Chinese technology shares steadied after two days of sharp losses. Companies have faced pressure after the Trump administration last week unveiled executive orders targeting social media apps TikTok and WeChat.

The Hong Kong-listed shares of Tencent, the owner of WeChat, rose 1.8 per cent while ecommerce group Alibaba was almost flat.

Rising US-China tensions have continued to rein in gains in global markets this week, as Beijing sanctioned 11 US citizens on Monday.

“No single piece of hard data” was driving gains on Tuesday, said Robert Rennie, global head of market strategy at Westpac, but the reopening of markets in Tokyo and Singapore had boosted liquidity.
However, he suggested that buoyant global equity markets were pricing in an overly optimistic economic scenario. “You continue to see signs of a V-shaped recovery for markets versus a W-shaped recovery from an economic perspective,” he said.

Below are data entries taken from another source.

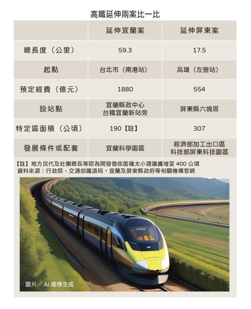 高鐵延伸宜蘭,實際上是北宜鐵路提速計劃或者北宜直鐵(新線)的替代方案;去年完成一階環評,今年稍後將進行二階環評,表訂明年動土,最快2030年完工。延伸屏東段則是前稱之左營案,也已完成初步規劃及一階環評,現正進入二階環評,希望搶在2029年完工。另根據官方說法,未來不排除繼續往南延伸至墾丁。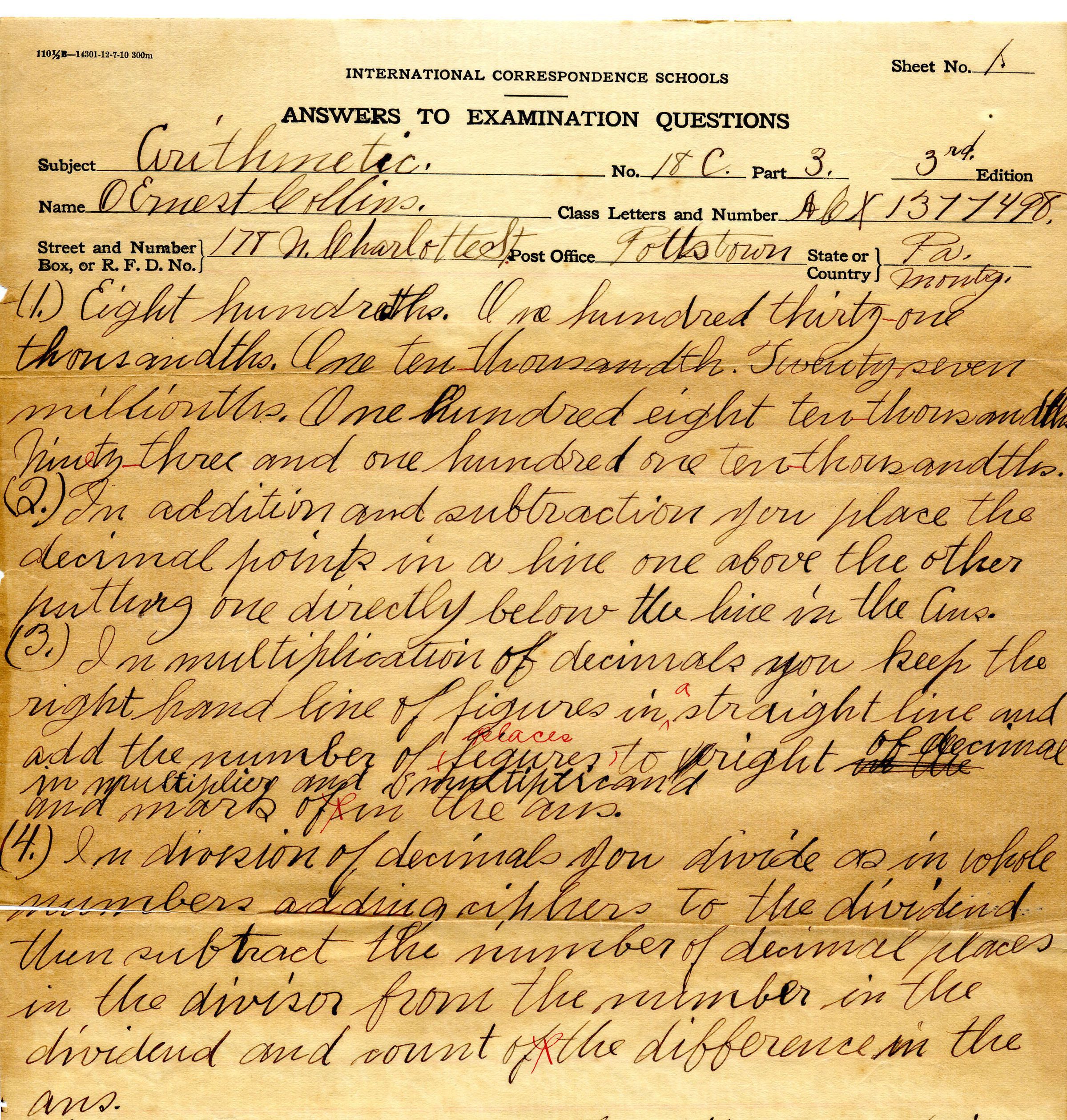 but Collins address is Pottstown on this sheet and St. Peters on the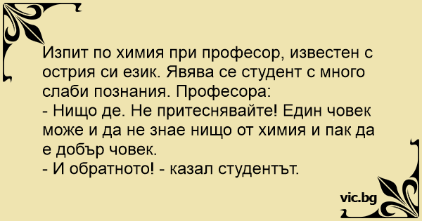 Изпит по химия при професор, известен с острия си език. Явява се студент с много слаби познания. Професора: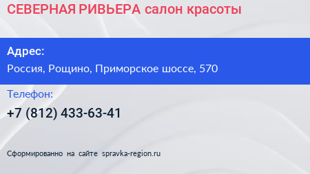 СЕВЕРНАЯ РИВЬЕРА, салон красоты по адресу Банк Санкт-Петербург, 570 литЕ, Приморское шоссе, Коттеджный поселок "Янтарный", Зеленогорск, Санкт-Петербург, Северо-Западный федеральный округ, 197720, Россия в дальнейшем Организация, размещена в следующих категориях: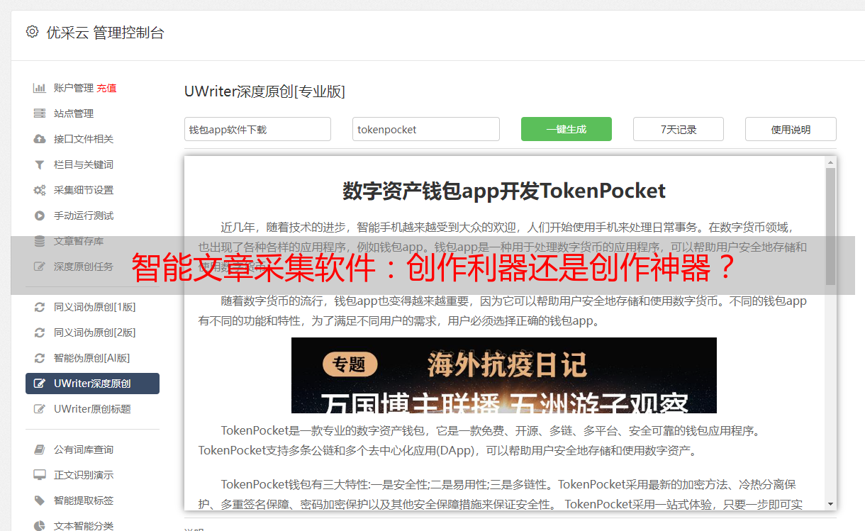 尊敬的读者朋友们,这里是我关于智能文章采集工具的几点心得体会。希望这些小妙招能为您的创作带来便利,提高效率。请您放心,借助此款神器,创作将变得轻而易举且充满乐趣。此刻就请行动起来吧!祝愿大家都能成为出色的内容创造者!

Oil prices were mixed, with the International Energy Agency set to make its forecasts on US oil production later on Tuesday. Brent crude, the international benchmark, was unmoved at $44.97 a barrel. US marker West Texas Intermediate climbed 0.2 per cent to $42.02 a barrel.

Gold slipped 1.4 per cent to just below $2,000 per troy ounce. The precious metal is down about 3 per cent since hitting an all-time high on August 7, with the US dollar trimming its losses by almost 1 per cent since then.